Exercise goal:
For this exercise, copy exactly the lines below from the one with "令和7年8月22日(金)・2" through the one with "Seven Chakra Orgone" and leave out the pictures.

********************

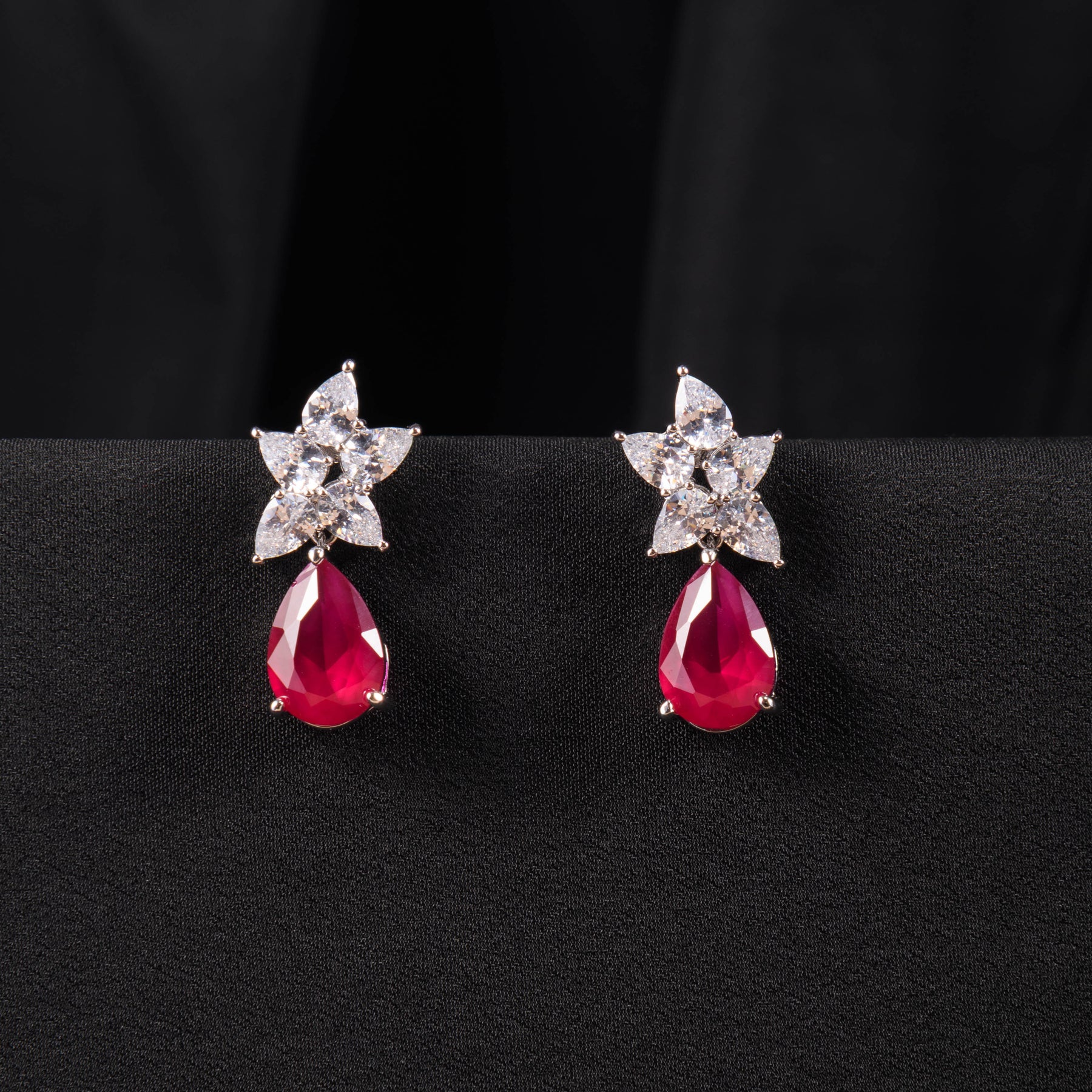 Description: A stunning floral design featuring a cluster of sparkling zirconia stones, beautifully complemented by a radiant drop-shaped coloured stone. The intricate craftsmanship adds brilliance, while the coloured drop brings a vibrant touch of elegance. A captivating pair that blends classic sparkle with a hint of colour.
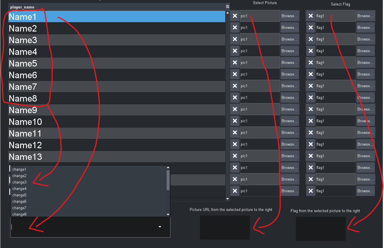 Then when I select the name in the new dropdown list, the picture and the flag url should populate two new parameters.
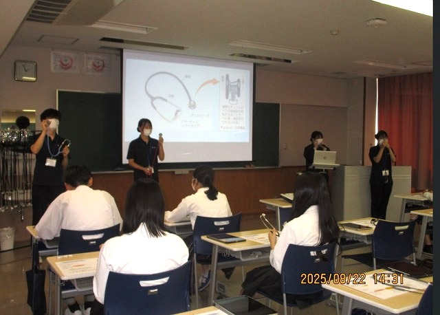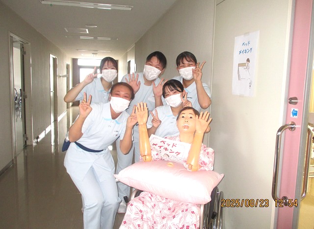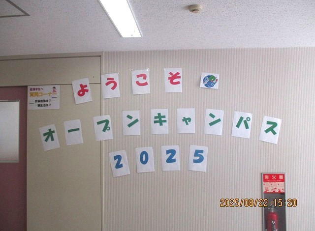 令和7年8月22日(金)・23日(土)、オープンキャンパスを開催しました。1・2年生の看護学生が中心となり、校内の案内を行い、看護技術演習コーナーでは沢山の方々に実際に体験していただくことで、学校の施設や、学生生活の雰囲気を直に感じてもらえました。懇談会でも活発な質問があり、活気あふれるオープンキャンパスとなりました。
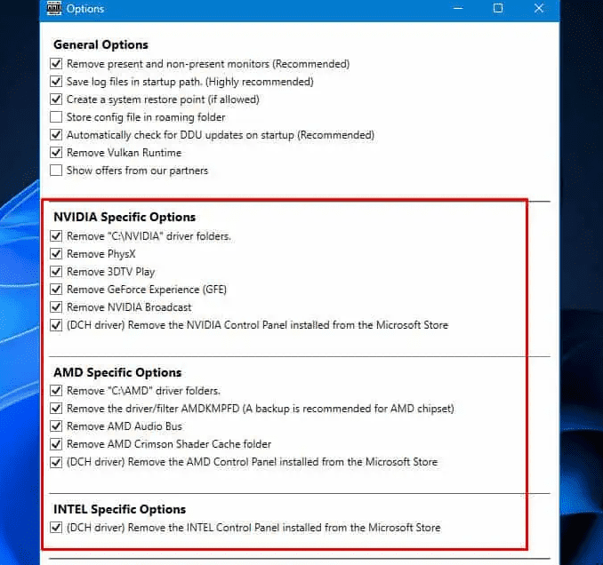 4- Check all the options in NVIDIA, Intel, and AMD Specific Options.
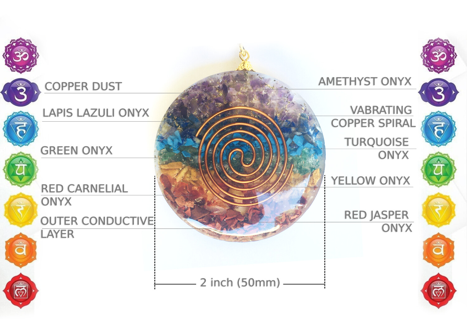 Seven Chakra Orgone Pendant - Necklace Energy Healing Crystals, Emf Protection
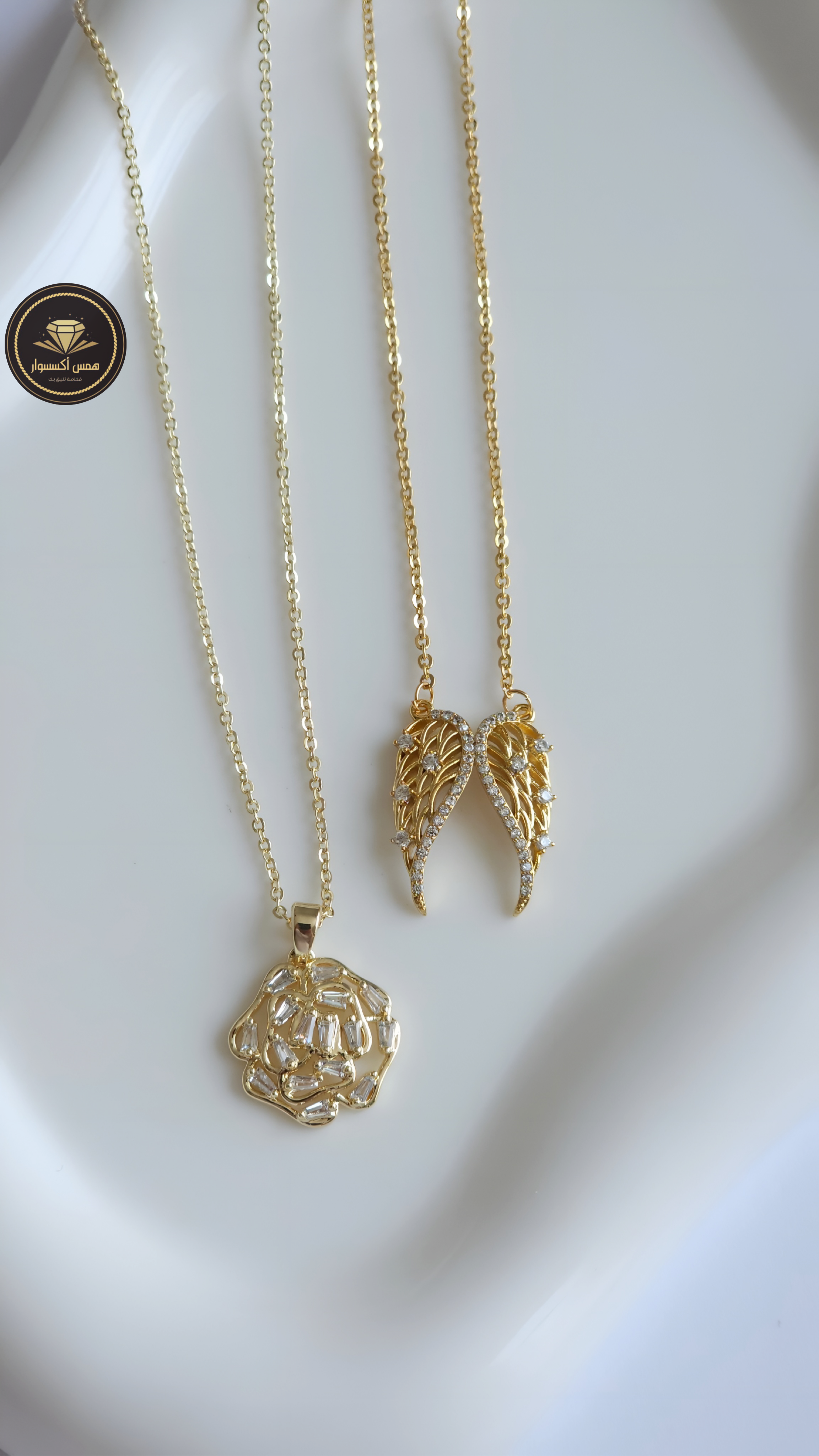 قلادة ذهبية على شكل جناحين وقلادة على شكل وردة السعر للواحدة
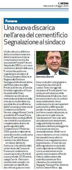 Comune di Fumane, la cementeria ha scavato aprendo un fronte di scavo
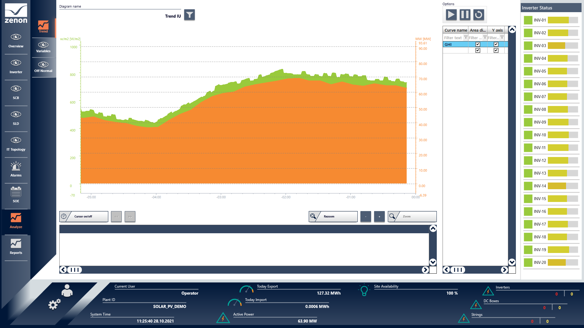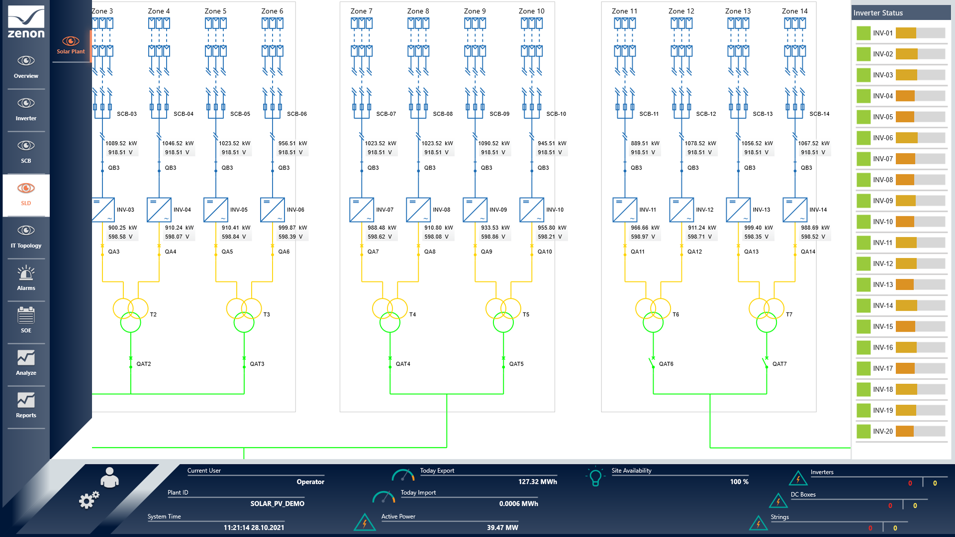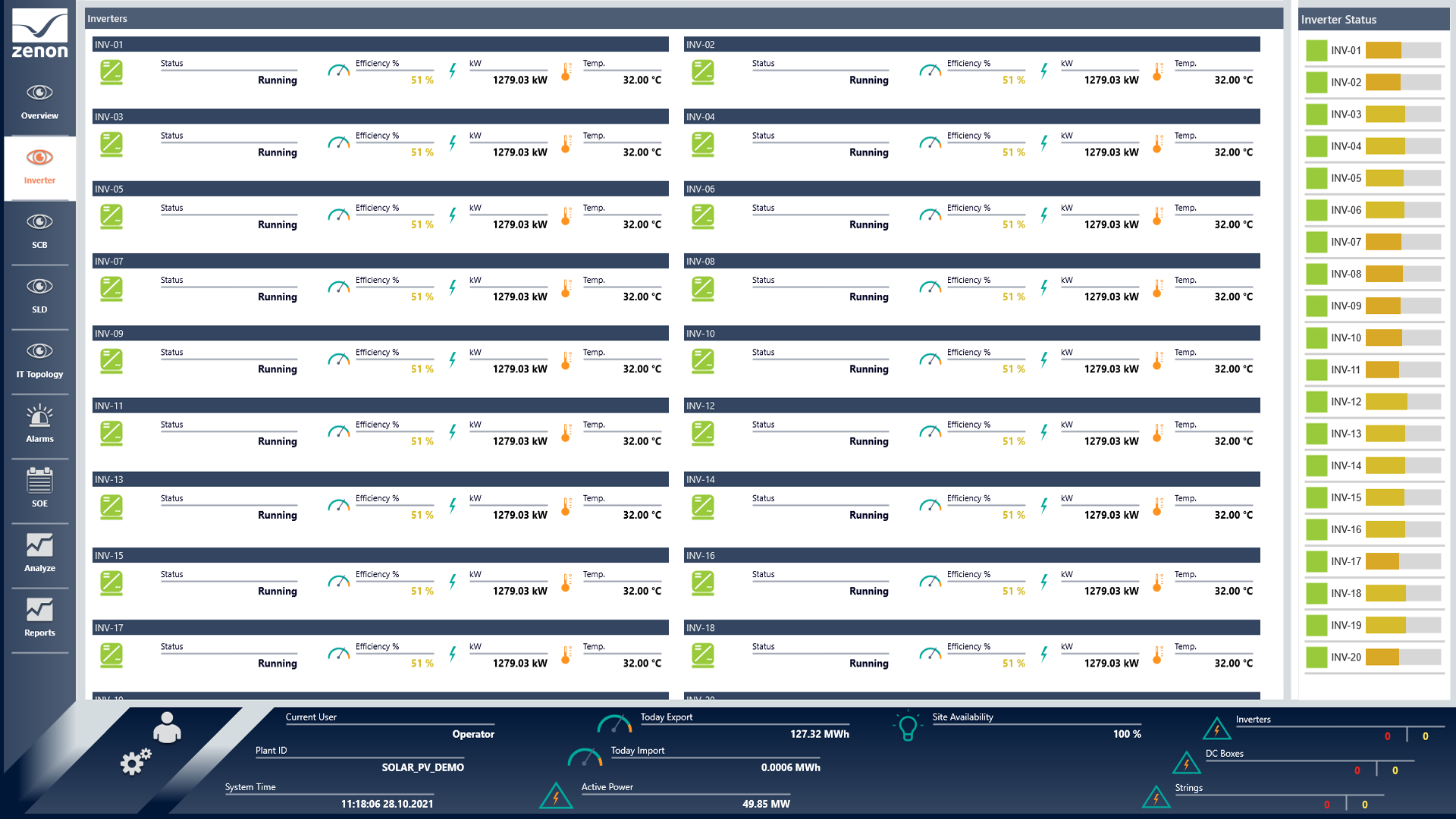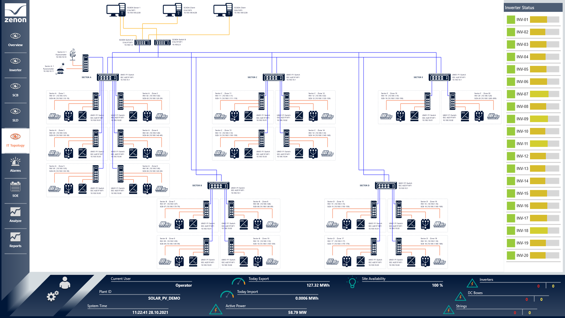 Якщо раніше Ви не мали досвіду роботи зі SCADA zenon – це не проблема. Для перегляду проекту не потрібні спеціальні технічні знання. Достатньо встановити систему та імпортувати проект. В разі зацікавленості пропозицією прохання подати заявку з поміткою «Демонстраційний проект диспетчерського керування сонячною станцією».

********************

Result:
 令和7年8月22日(金)・23日(土)、オープンキャンパスを開催しました。1・2年生の看護学生が中心となり、校内の案内を行い、看護技術演習コーナーでは沢山の方々に実際に体験していただくことで、学校の施設や、学生生活の雰囲気を直に感じてもらえました。懇談会でも活発な質問があり、活気あふれるオープンキャンパスとなりました。
 4- Check all the options in NVIDIA, Intel, and AMD Specific Options.
 Seven Chakra Orgone Pendant - Necklace Energy Healing Crystals, Emf Protection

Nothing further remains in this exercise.